2021 film by Magnus Martens

SAS: Red Notice (also known as SAS: Rise of the Black Swan) is a 2021 British action thriller film directed by Magnus Martens, based on the novel of the same name by Andy McNab, and starring Sam Heughan, Ruby Rose, Andy Serkis, Hannah John-Kamen, Tom Hopper, Noel Clarke, Owain Yeoman, Ray Panthaki, Anne Reid and Tom Wilkinson in his final film role before his death in December 2023. Sky Cinema released SAS: Red Notice in the United Kingdom on 12 March 2021.

==Plot==
Black Swans is a family-owned private military company led by American citizens William Lewis and his adult children Grace and Oliver.

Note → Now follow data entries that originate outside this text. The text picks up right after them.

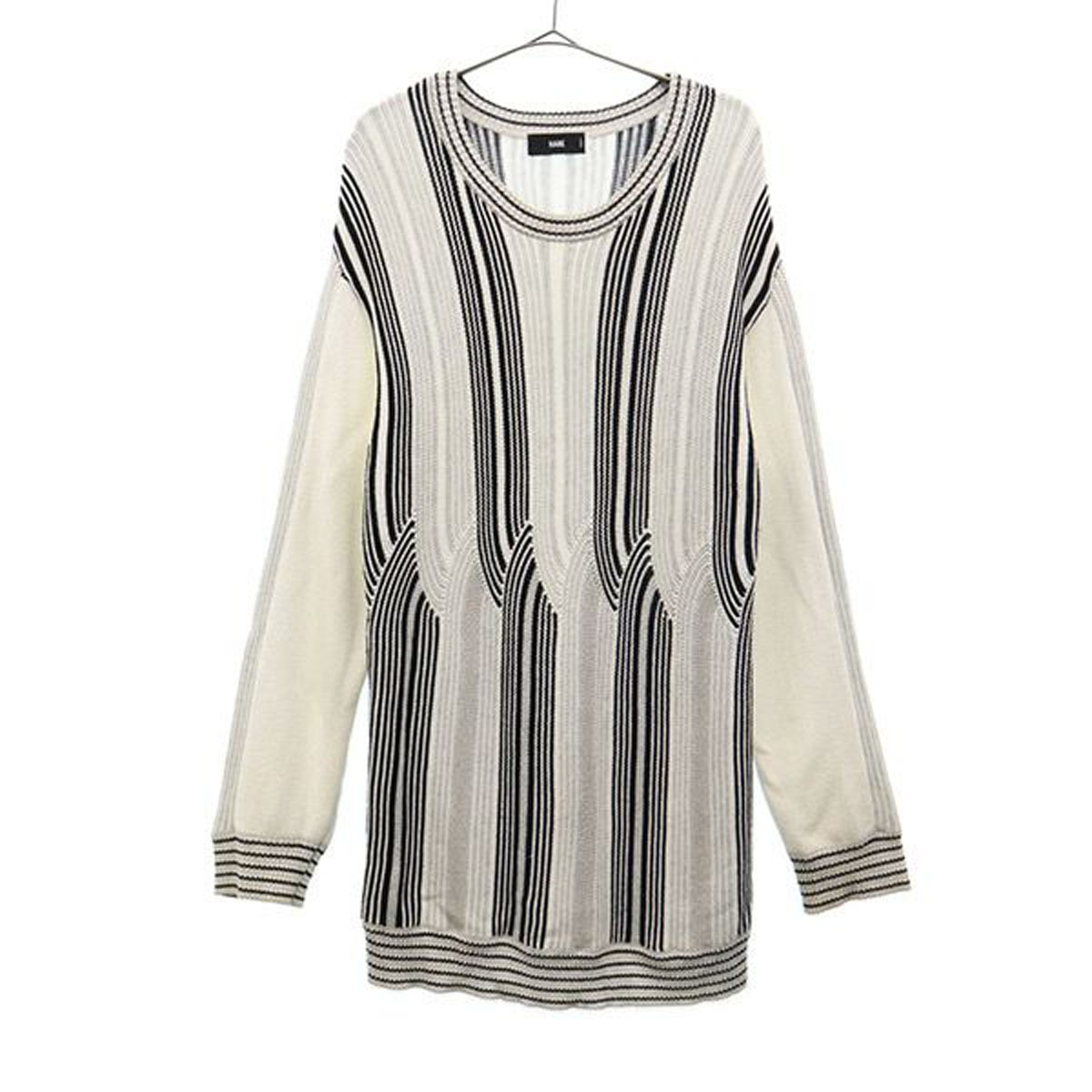 HARE ハレ ストライプ 長袖 ロング ニット M グレー系 セーター メンズ拍卖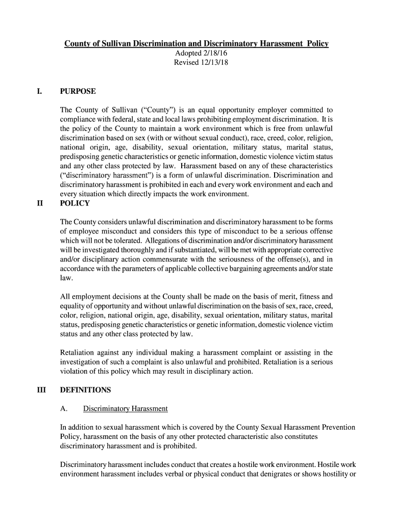 Get the free Anti-Discrimination Policy - Sullivan County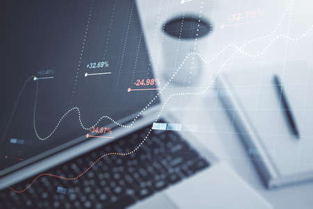 Abstract creative financial graph and modern desktop with pc on background, financial and trading concept. Multiexposure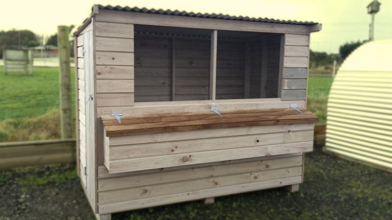 Dimensions – 2.1m long, 1.2m wide, 1.9m tall (6 boxes) for up to 10 hens.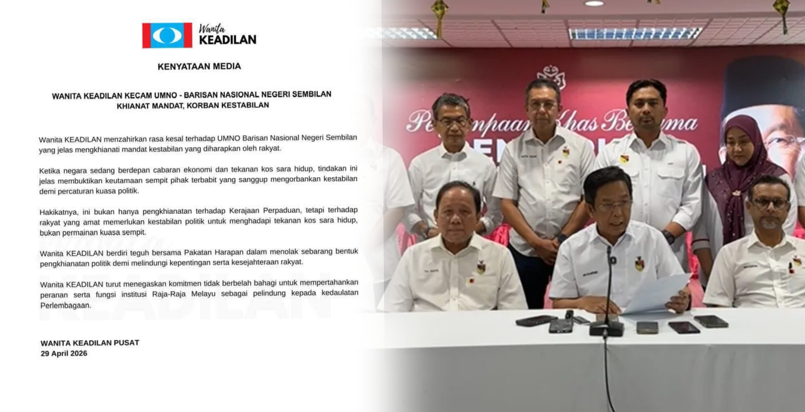 KUALA LUMPUR – Wanita Parti Keadilan Rakyat (PKR) menzahirkan rasa kesal terhadap UMNO Barisan Nasional (BN) Negeri Sembilan yang kerana didakwa mengkhianati mandat kestabilan yang diharapkan oleh rakyat.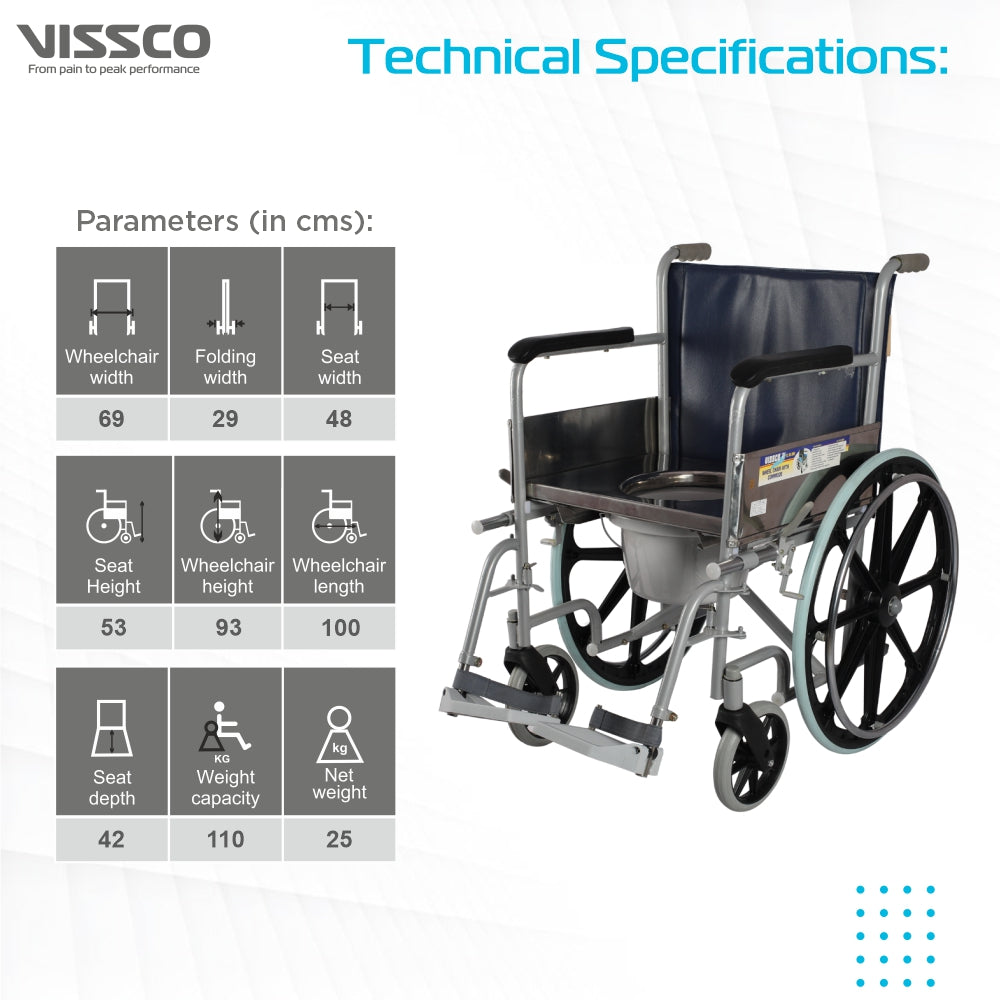![Vissco Comfort Wheelchair with Commode Comes With Fixed Arm-rest |Removable footrest |Washable Plastic Bucket|For Elderly & those physically challenged|Weight Capacity 110kg - Universal (Grey) - Vissco Rehabilitation]()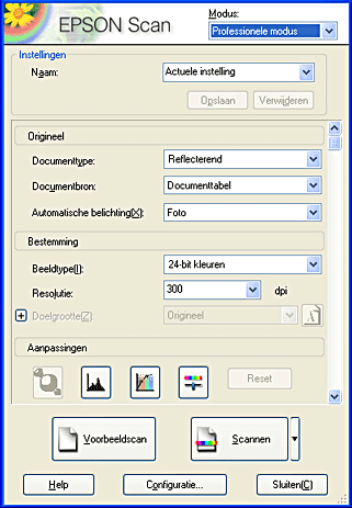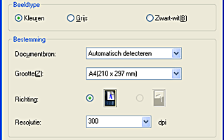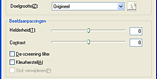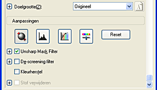 Geef het uitvoerformaat van de gescande afbeelding op bij Doelgrootte en voer eventueel aanpassingen door met de diverse beeldbewerkingsfuncties.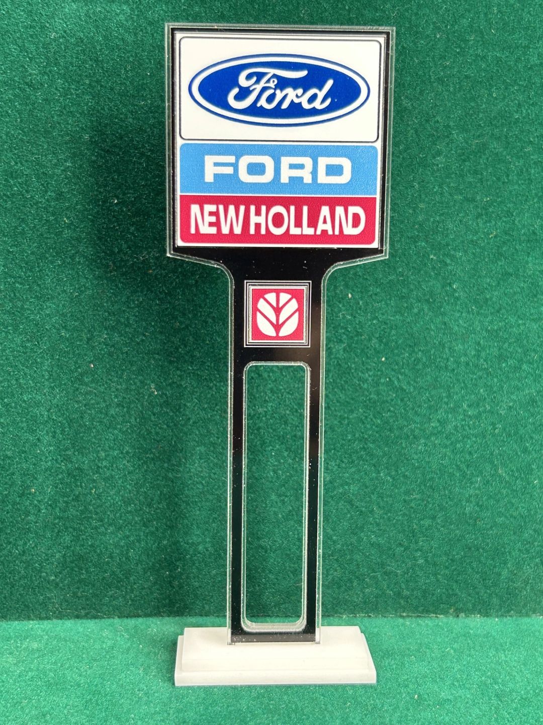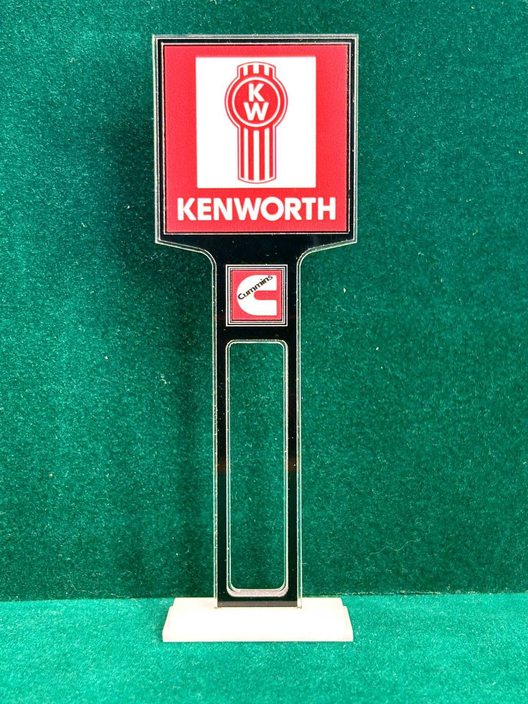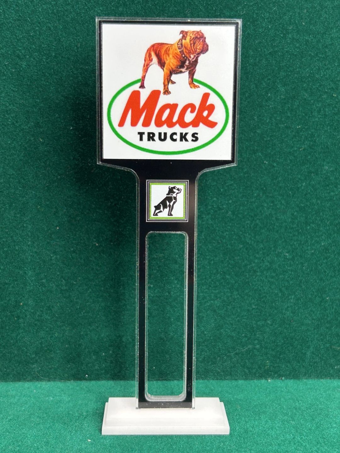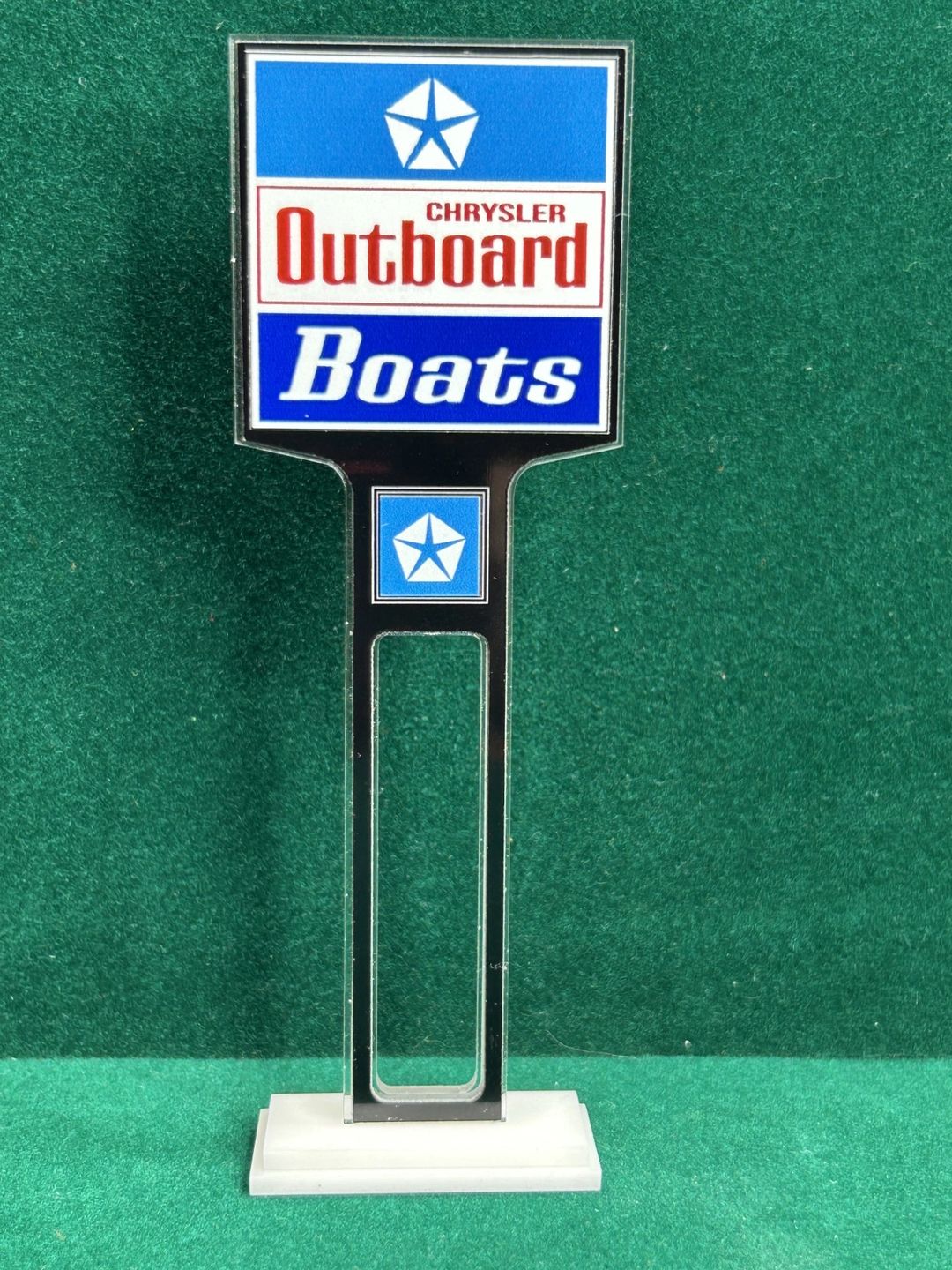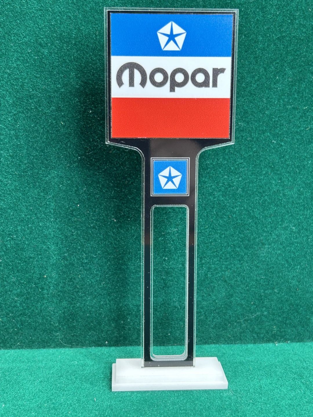 1/4” thick, white acrylic upright with a white acrylic overlay for the graphics. The base is 1/4” white acrylic. Approximate Size of the Dealership Lot Sign is 5.28” tall and 2.66” wide. Approximate Size of the Base is 2.66” x 1.00”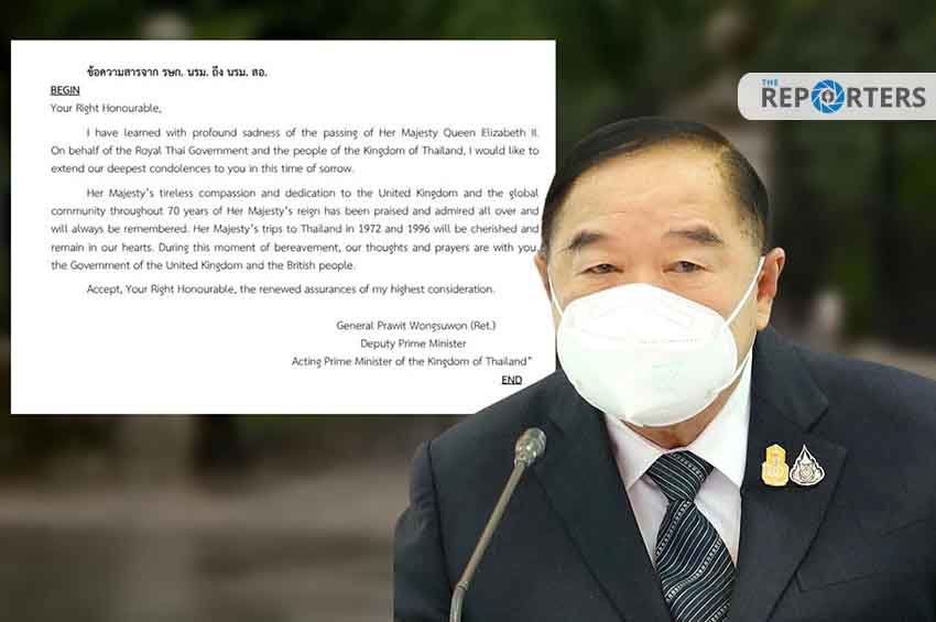 โฆษกรัฐบาลเปิดเผยข้อความสารแสดงความเสียใจของพลเอก ประวิตร ฯ รองนายกรัฐมนตรี รักษาราชการแทนนายกรัฐมนตรี ถึงนายกรัฐมนตรีสหราชอาณาจักร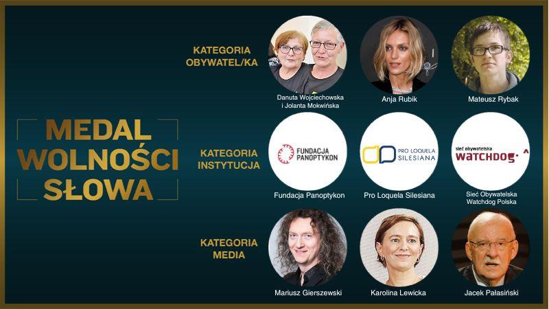 Fundacja Grand Press przedstawiła tegoroczne kandydatki i kandydatów do Medalu Wolności Słowa, wskazanych przez kapitułę konkursu, w której składzie znajdują się Krzysztof Głuchowski (dyrektor Teatru im. J. Słowackiego w Krakowie), prof. Ewa Łętowska (była rzeczniczka praw obywatelskich), Weronika Mirowska (prezeska Fundacji Grand Press), Piotr Świerczek (dziennikarz TVN 24) oraz Ewa Wrzosek (prokuratorka, Stowarzyszenie Prokuratorów „Lex super omnia”). Wśród nominowanych w kategorii instytucja wskazana została, obok Fundacji Panoptykon i Towarzystwa Pro Loquela Silesiana, Sieć Obywatelska Watchdog Polska.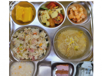 2022년 11월 11일 금요일 오전간식 : 닭가슴살야채죽 점심 : 베이컨볶음밥 숙주미소된장국 과일야채유..
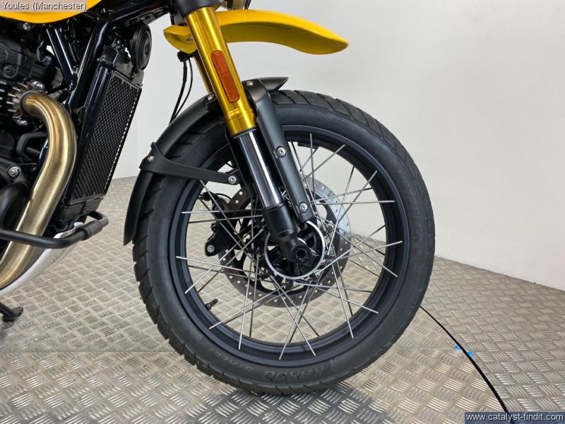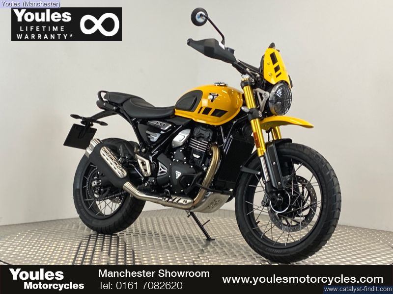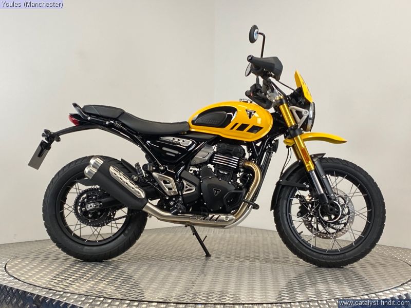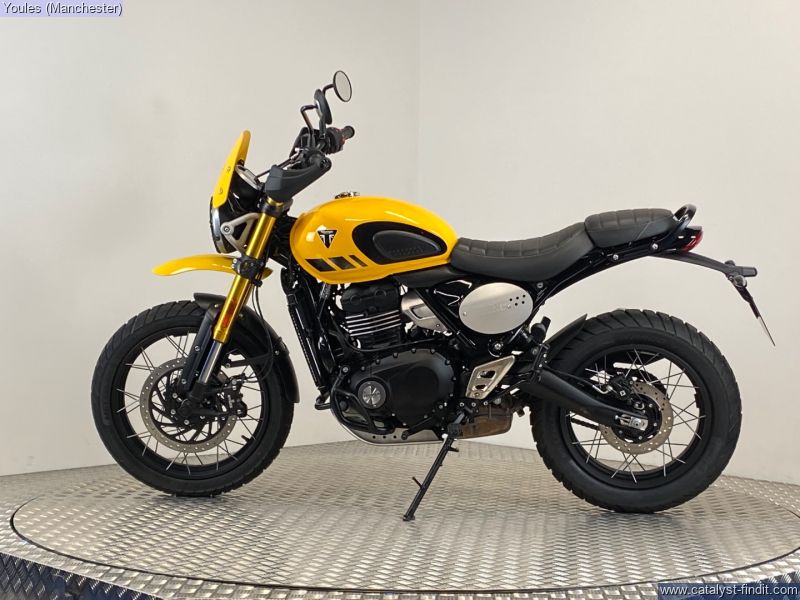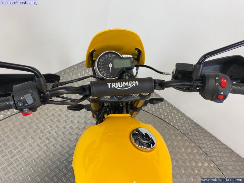 - TRIUMPH SCRAMBLER 400 XC IN YELLOW ON A 75 REG WITH ONLY 472 MILES ON THE CLOCK FROM NEW AND WILL COME WITH A FULL TRIUMPH SERVICE HISTORY AND REMAINDER OF THE GENUINE MANUFACTURERS WARRANTY UNTIL SEPTEMBER 2027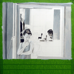 The New Work February 25, 2013 It's not as though I don't already have enough series to work on... but I do need to get the set for the Ratner underway, with only a year to prepare. Well, less than that, really, since I'll need everything to be completed before the hanging date. So, at right is the first panel of the group. I haven't got a name for it, nor for the series yet, but it's a start. The green that you see is the Frog Tape, which I discovered when repainting the guest bedroom, and which does an incredible job of blocking out areas where one doesn't want paint to go. The top and side edges are blocked off, and there's enough space at the bottom to mimic the format of instant photos, which is an idea I wanted to play off: the contrast between the modern instant picture, and the tedious, time-consuming process of applying glazes over a grisaille (like the Old Masters). I'm doing the underpainting in acrylic, and as I think I've mentioned before, acrylic is not my friend. It's supposed to go quickly, but it seems I need to put on at least 3 coats before it even starts to look less streaky. Grrr. Currently reading: White Nights, Feodor Dostoevsky |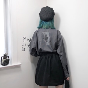 現品限り グレーS ゴスロリ 甘辛 シャツ ネクタイ付き バックプリント JKロリィタ

SAS commander George Clements hires them to clear a remote village in Georgia for a transnational Britgaz gas pipeline. When the villagers resist, Black Swans massacre them. Their atrocities are secretly filmed, leading to red notices and accusations of crimes against humanity. The International Criminal Court demands that the UK government extradite the accused, who live in North London, to the Hague to stand trial. Prime Minister Atwood secretly orders Clements to kill rather than arrest William on the scene to cover up his involvement. William orders his children and the rest of the team to escape to the United States while he and some of his loyal men stall the SAS.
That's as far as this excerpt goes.